▶ [WHAT TO DO] Once the line with "downhill skater near" is reached, output it and every line after it, exactly, through the end of the records below. Pictures are skipped.

▶ [DATA EXTRACTS]
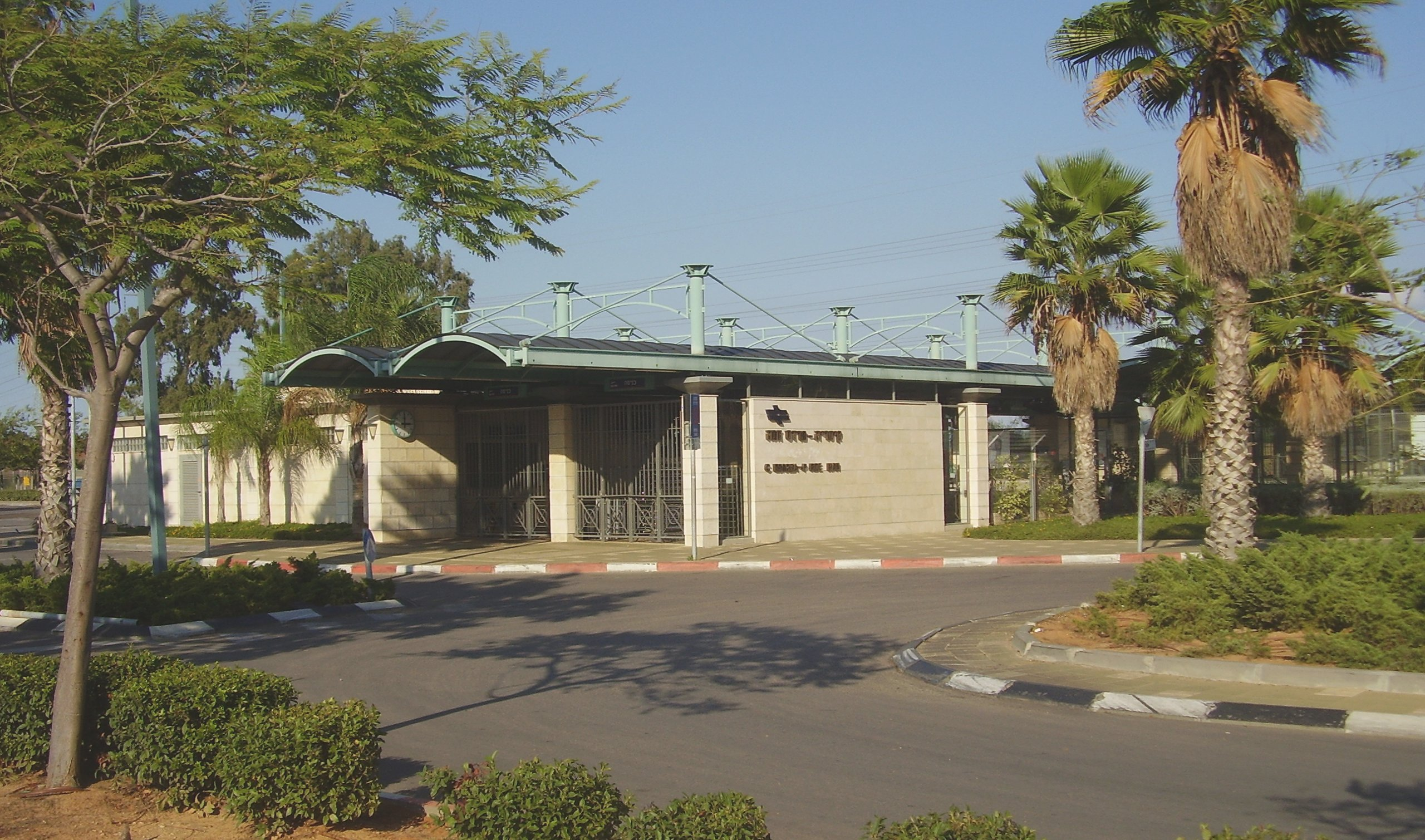 The west entrance to the Qesaryya-Pardes Hanna train station, Israel
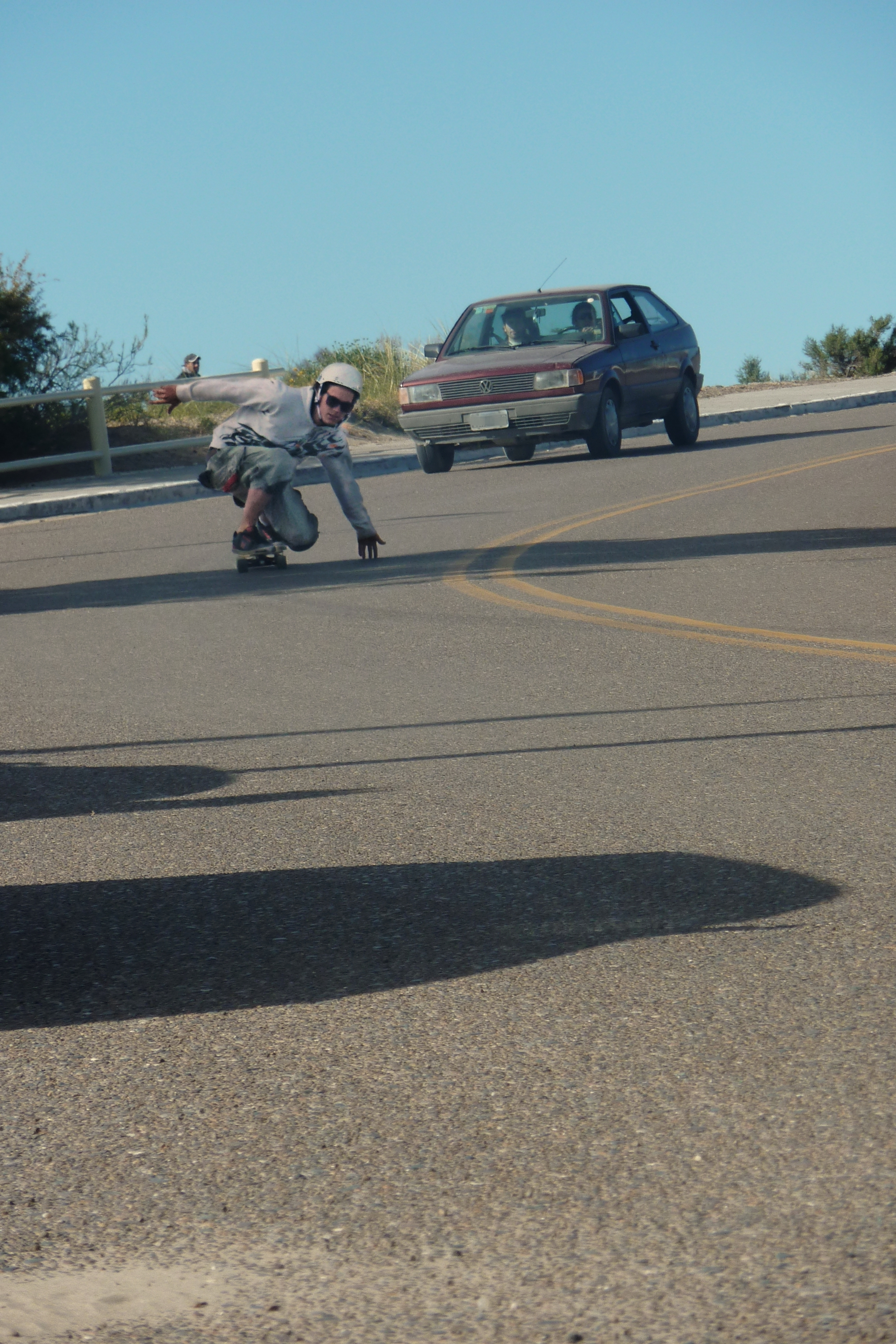 downhill skater near Puerto Madryn, Chubut, Argentina
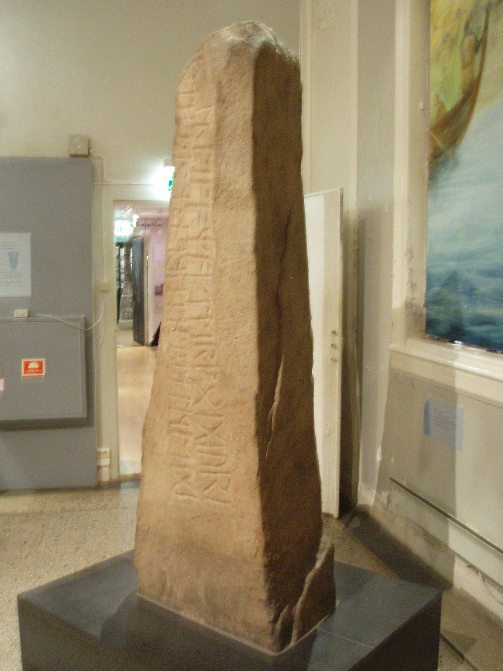 One side of the Tune runestone, as displayed in the Museum of Cultural History in Oslo, Norway. According to the object display the stone was raised by Sarpsfossen (a waterfall) around the year 400 CE.
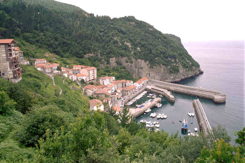 View of Elantxobe fishing town in Biscay, the Basque Country
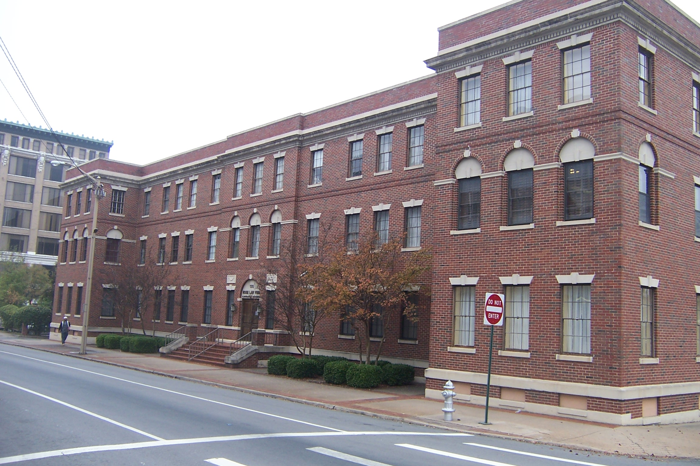 Older building of Rose Law Firm in Little Rock, Arkansas.
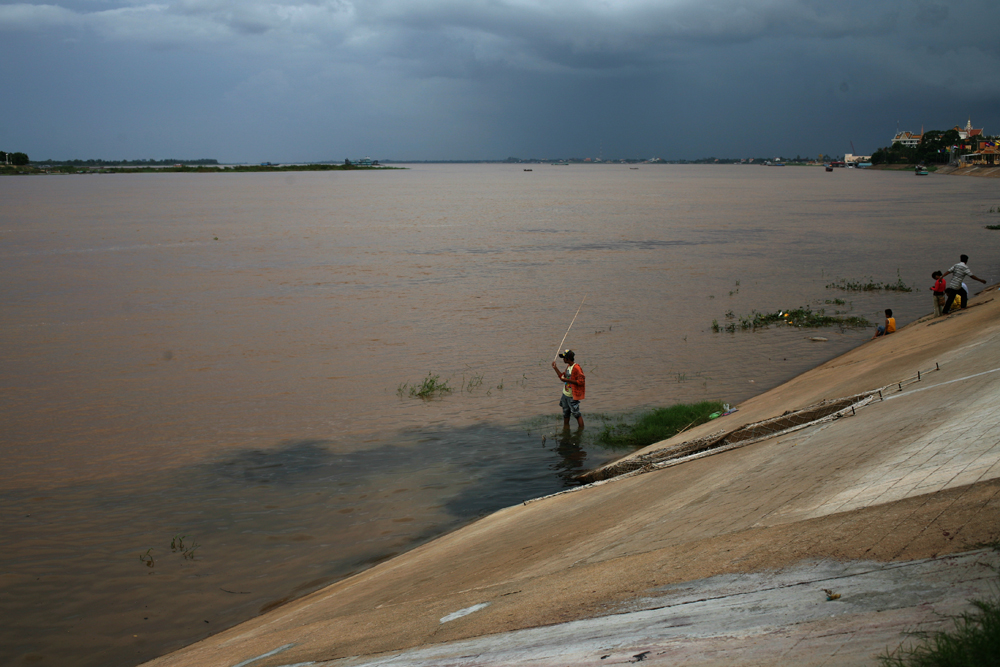 Fishermen along the banks of river Mekong, in Phnom Penh, Cambodia while a monson approaching
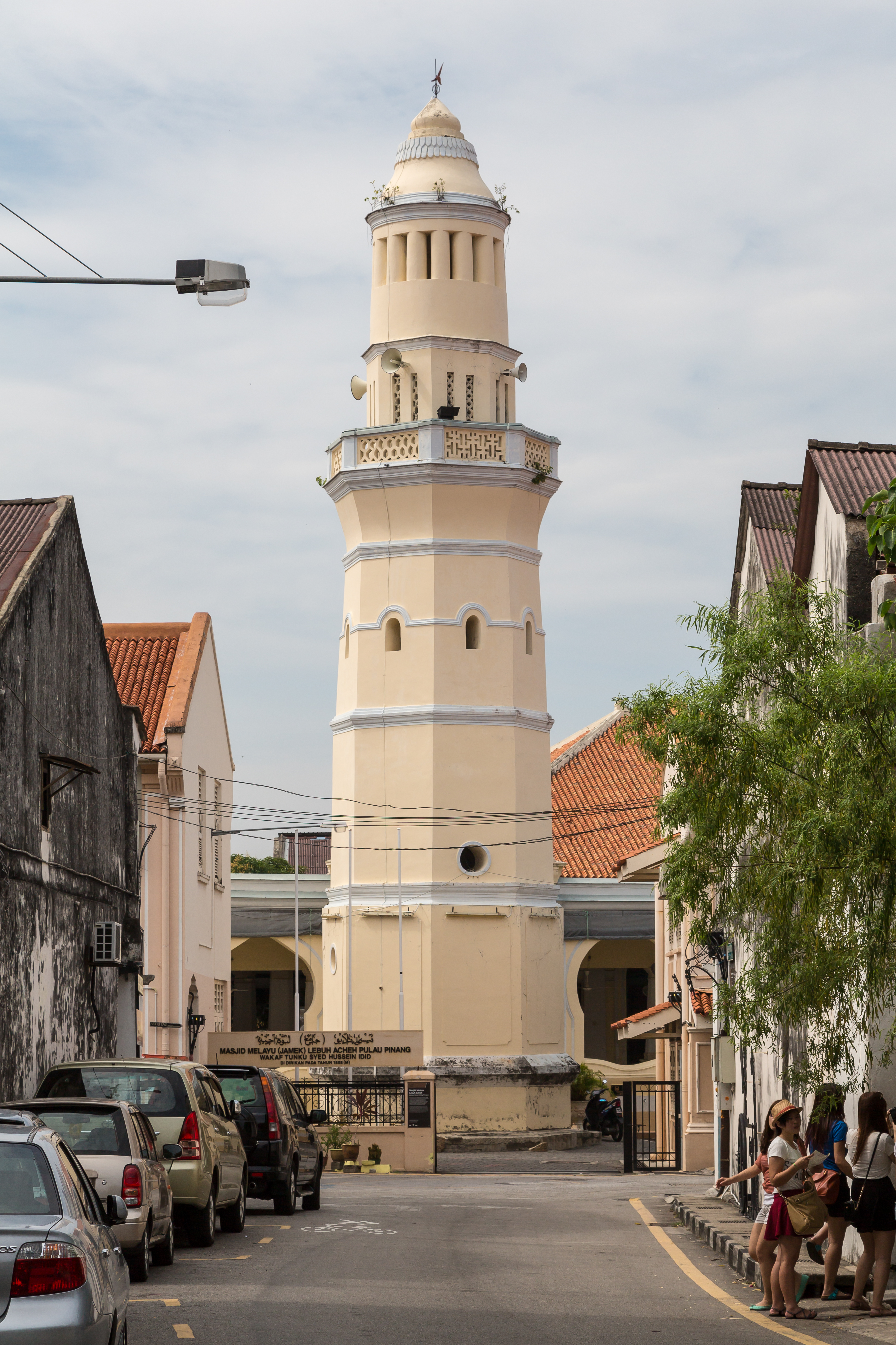 Penang, Malaysia: Masjid Lebuh Aceh

▶ [TASK OUTPUT]
 downhill skater near Puerto Madryn, Chubut, Argentina
 One side of the Tune runestone, as displayed in the Museum of Cultural History in Oslo, Norway. According to the object display the stone was raised by Sarpsfossen (a waterfall) around the year 400 CE.
 View of Elantxobe fishing town in Biscay, the Basque Country
 Older building of Rose Law Firm in Little Rock, Arkansas.
 Fishermen along the banks of river Mekong, in Phnom Penh, Cambodia while a monson approaching
 Penang, Malaysia: Masjid Lebuh Aceh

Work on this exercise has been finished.